I worked with this cat that bought a laser, bragged about it when he ordered it, said how awesome it was based on the specs.
He received it in the mail, and brought it to work.
Holy ****, it was absolutely incredible. We could shine it at a building 1/2 mile a way and see it clear and crisp. If you hit a stop sign with it, brilliant green laser light just exploded all around it. It could pop a baloon, all of that stuff. Definitely would wreck your eye.
This person had a home that was very near the landing pattern for our local major airport. I was absolutely not shocked, when there was an article in the news about the Police looking for the person that had aimed a laser at the cockpit of an airplane from his neighborhood.
What a freaking idiot.
If this is the effect of what a laser can do, and if the pilot is flying a jet airplane or helicopter full of passengers over a populated neighborhood, community, town or city, then this is a problem.
Next, idiots will be doing this to drivers on highways.
I have only played with the simple little key chain/pointer lasers and even they are impressive. Have you ever tried to point one of these lasers at a stop sign two or three blocks down the street? Its almost impossible, takes many tries, a steady hand and even then you can't hold it steady on target. Please tell me how in the heck someone is able to hit the cockpit window of an aircraft 20,000 feet in the air or however high they fly?!
And I forgot to add moving at 100's of miles per hour!
I was thinking the same thing, but it seems to keep coming back to helicopters and aircraft on takeoff and landing.

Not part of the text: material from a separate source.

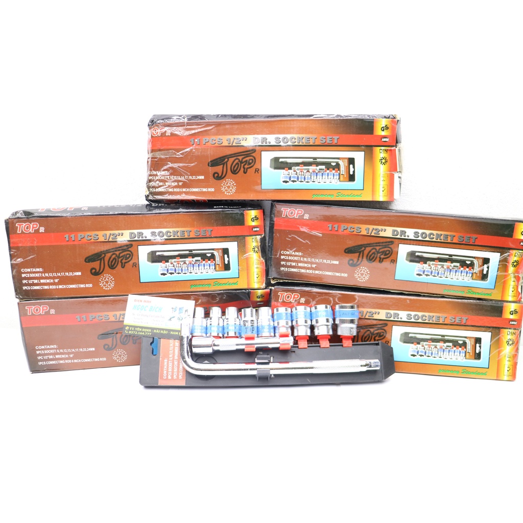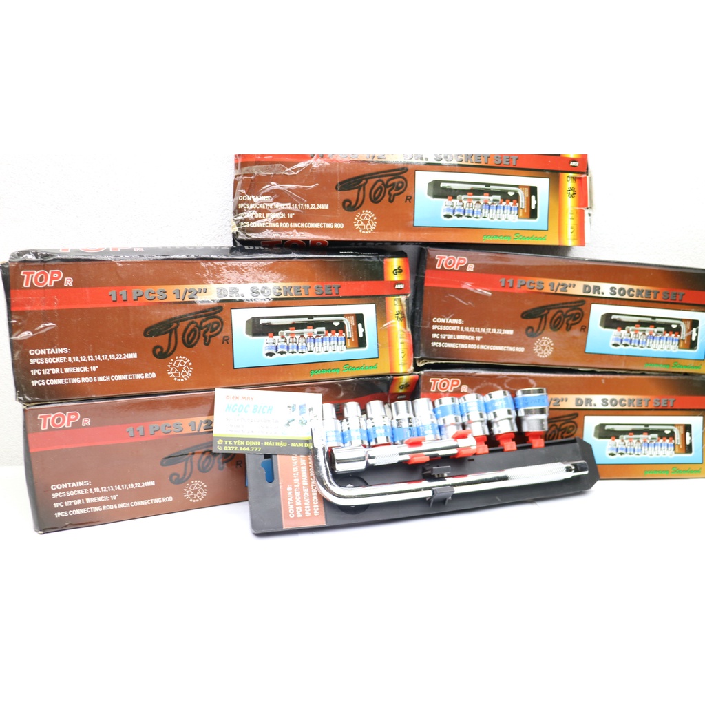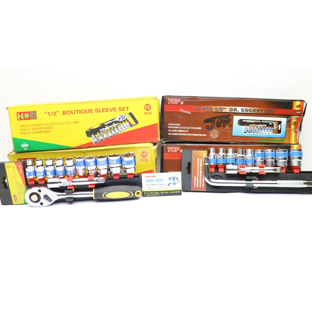 Bộ tuýp 12 chi tiết 1/2- Gồm: 9 đầu tuýp 1/2 inch (12.7mm): 10, 11, 12, 13, 14, 15 17, 19, 22,.24mm.

It doesn't take a long burst to do damage or to temporarily blind someone.
I find it funny that the idiots who usually so this are clueless enough to shine it at a plane, then shine it at the helicopters that come looking for them. For the cops it must be like shooting fish in a barrel...
But it must have happened unless those pilots are lying in concert.
A helo borne mini gun would be nice.
They are hitting planes coming in for a landing, much lower and much slower.
Did they need that many cops after they found the guy?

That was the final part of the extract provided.